Go into your screenshot folder, rename every file so that its filename is a number that increases sequentially starting from 0, and type the following in:

ffmpeg -r 30 -i %d.jpg -vcodec libx264 -bf 0 -crf 12 -threads 2 -an -r 30 filenamehere.mp4

If you want to add an mp3 to it, after the above command completes, type in:

ffmpeg -i filenamehere.mp4 -i song.mp3 -map 0:0 -map 1:0 -r 30 -acodec copy -vcodec copy -threads 2 filenamehere_with_sound.mkv

Say what?

Don't get me started. ffmpeg is a crazy complex tool. It was written by a guy who is just frighteningly smart. It's hard to use, and most of the flags are configuration options for the codec being used.
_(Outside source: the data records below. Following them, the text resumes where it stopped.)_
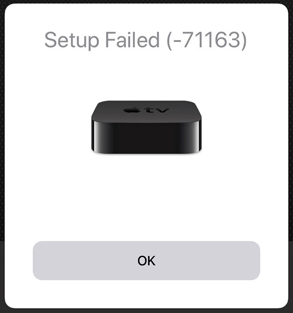 Updated 4th Gen Apple TV to latest TVOS but then noticed the lights didn't go on as usual in the evening via HomeKit. Looked in the settings of Apple TV and there was a red "1" asking to "Finish setting up Airplay2 and HomeKit". I proceeded as instructed, held phone close to the Apple TV, it attempted it's "setting up" process, but then gave a "Setup Failed (-71163) error. Tried a couple times, restarting both devices, with same result.
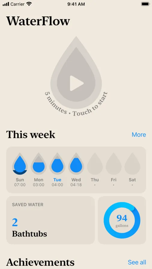 WaterFlow helps you to take 5 minutes showers and to stay motivated to reduce you water consumption.
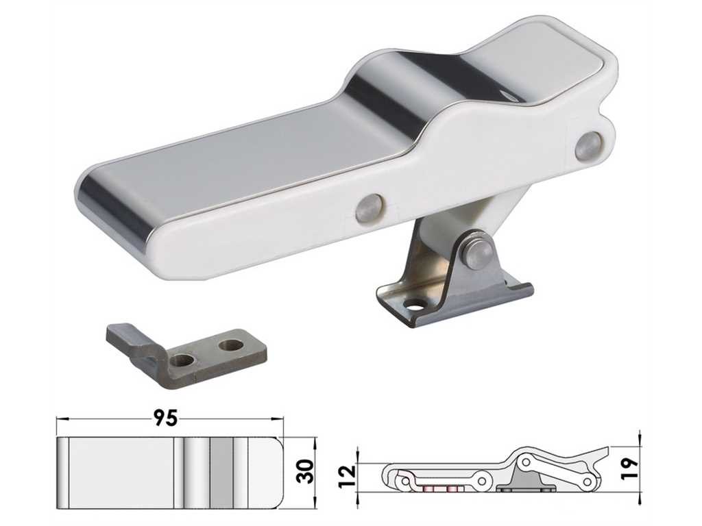 Chiusura a leva eccentrica. Dimensioni 95 x 30 mm.
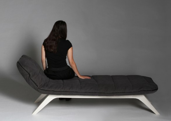 “Couch Sleeper” is – as the name suggests unequivocally – a sofa chaise longue seemingly simple and minimal. Along padded lining and a white wooden frame. The surprise is pulling the zip: stuffing turns out to be a quilt-mattress where introduced as a cocoon. Still no word about marketing.
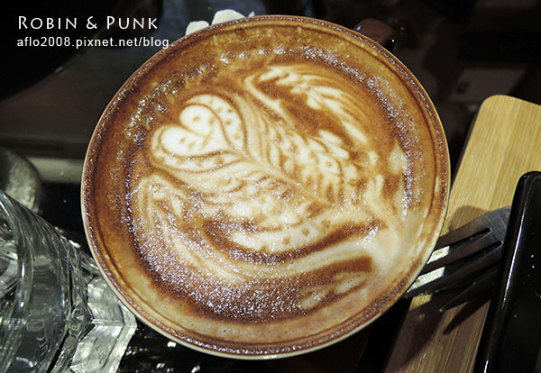 就是這拉花,就是讓我們決定一定要來朝聖的原因!之前工作時也曾學了一下拉花,有學過才知道原來拉花相當的需要經驗及技術,不是說拉就拉的出來的,所以對於能把拉花拉的得心應手的人就很崇拜,最近在樹林板橋一帶吃吃喝喝,[Book Coffee 朝午食]終於讓我找到專業拉花的咖啡廳,真的太HIGH心!
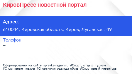 КировПресс, новостной портал по адресу 610044, Кировская область, Киров, Луганская, 49 в дальнейшем Организация, размещена в следующих категориях:
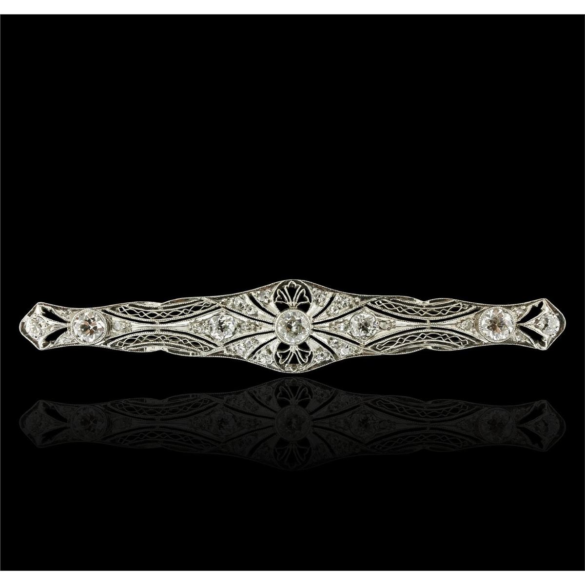 One electronically tested platinum ladies cast & assembled diamond brooch. The brooch is completed by a horizontally placed pin. Bright polish finish with milgrain detailing throughout. Area measurements 2.75 x 0.55 inches. The brooch is reminiscent of the jewelry designs from the Art Deco Period. The Paris Exposition of Decorative Arts and Modern Manufacturers in 1925 gave the movement its name. The Art Deco Period is characterized with jewelry designs composed of bold geometric designs, & cubism. Condition is good. Containing: Three bezel set Old European cut diamonds, measuring 4.30 - 4.20 x 2.20mm (depth est.) approximate total weight of 3 Stones = 0.82ct. Cutting style circa late 19th century. Graded in the setting. Clarity: SI-1 to SI-2. Color: H - I Four bead set Old European cut diamonds, measuring 3.50 - 3.10 x 2.20mm (depth est.) approximate total weight of 4 Stones = 0.68ct. Cutting style circa early and late 19th century. Graded in the setting. Clarity: SI-1 to SI-2. Color: H - I Twenty-Two bead set rose cut diamonds, measuring 1.70 - 1.30 x 0.70mm (depth est.) approximate total weight of 22 Stones = 0.20ct. Graded in the setting. Clarity: SI-1 to I-1. Color: H - I. Total Weight of Diamonds 1.70ct. Total Weight of Brooch 8.46 grams. AIG Appraised at $7,290.00.
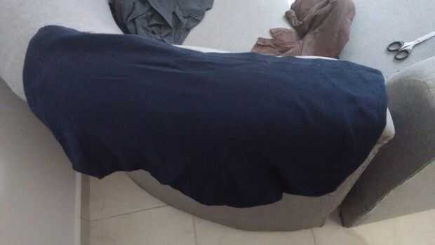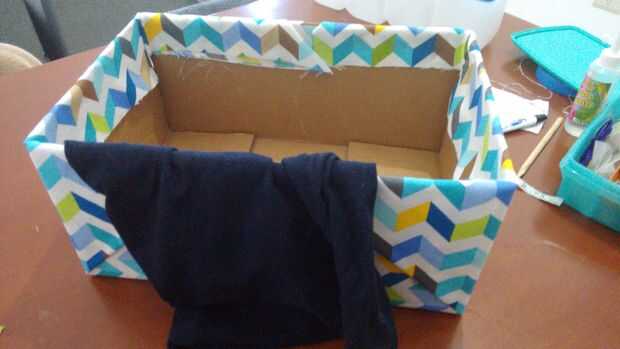 Con camiseta, corte la parte inferior y coser para crear una cubierta, coloque dentro de la caja.
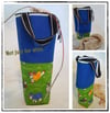 WINED UP is a horizontally-oriented wine tote that is quick to make and has great appeal as a gift.
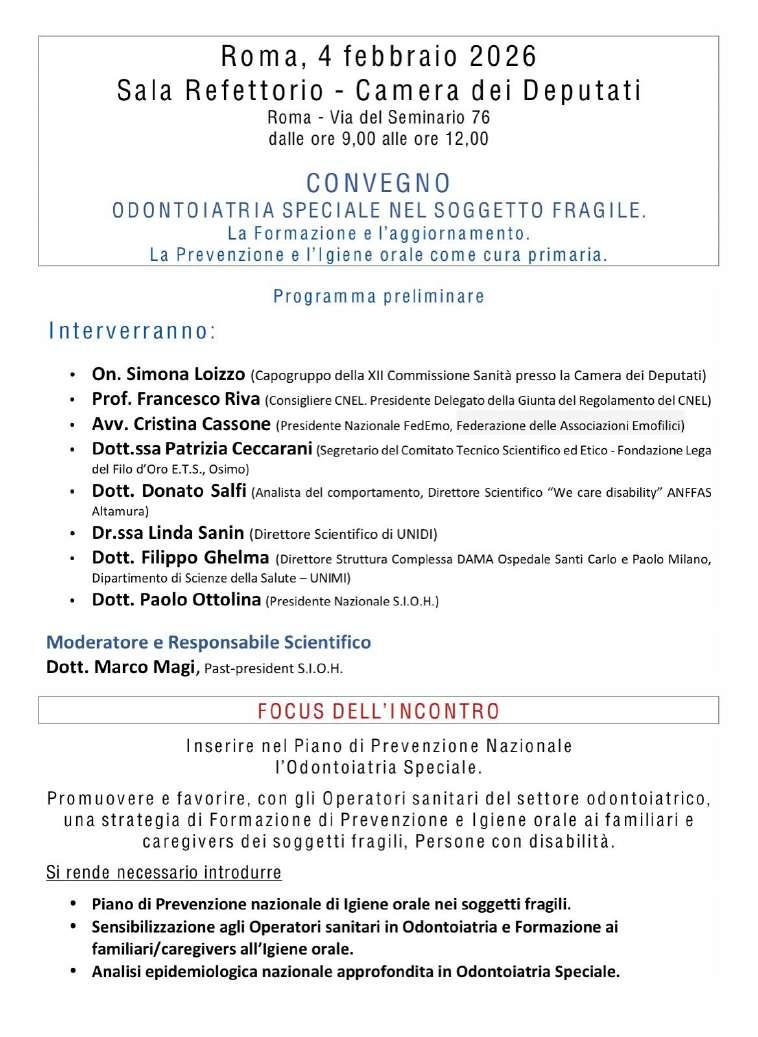 L’anno si apre con un momento significativo: il convegno nazionale del 4 febbraio 2026 presso la Camera dei Deputati, dedicato all’Odontoiatria Speciale nel soggetto fragile, alla formazione e alla prevenzione come cura primaria. Un’occasione di ascolto e di proposta, in cui professionisti, associazioni e rappresentanti istituzionali si incontrano per riportare al centro del dibattito pubblico il tema dell’igiene orale e della presa in carico delle persone con disabilità.

No one really knows how to use it. I've spent a lot of time getting it to work. People trade magic incantations for it over forum posts. If you care about quality, you should be using a preset.

The key things to know:

-i defines an input file.
%d.jpg is a pattern matcher for digits.
The first -r defines input frame rate, the second -r defines an output framerate.

The defaults work well enough (for screenshots). It's hard for me to spend any more time thinking about this.

I'm going to take your word on that

You should. They're excellent words. Prime verbiage right here.

Wait, how the hell am I supposed to rename 12,000 files?

I wrote a script. It's easy, when you're a programmer.

So... how did you edit this?

Like I said, I wrote a script. It made looking up specific images and repeating certain frame sections easy. It was okay. It was tolerable.

I timed the number of frames to match up with the length of the song.

Should I use Youtube or Vimeo?

My heart says Vimeo, but they reject weirdly sized videos like mine. Youtube accepts a wide variety of formats, but I kept having issues where the first 5 seconds were corrupted and full of grey frames.

I eventually discovered that youtube has a problem with the mpeg4 container and that storing it in Matroska instead made all my pain go away. Read the following excellent guide to video encoding by Mark Pilgrim if you don't intuitively grasp the meaning of the previous sentence.

Unfortunately, it seems like I haven't ironed out the kinks. Caveat emptor.

That was a really cool video!

Thanks! I'm conflicted over how I should feel about this. On the one hand all of the attention was exhilarating and intoxicating, yet on the other I could feel the raging rampant narcissism I engaged in slowly poisoning my soul.

#

The nytimes they are a-changin'

Due to an errant cron task that ran twice an hour from September 2010 to July 2011, I accidentally collected about 12,000 screenshots of the front page of the nytimes.com (unfortunately, you can only watch the whole 7 minutes if you stick to 480p).



Working on this video was fascinating because the past year was filled with dramatic events (from the Chilean miners [0:39] to the Arab Spring [3:38] and the Japanse Tsunami [4:54]) that I got to watch unfold time and time again. Watch out for them in the video; I took special care to slow down certain time periods.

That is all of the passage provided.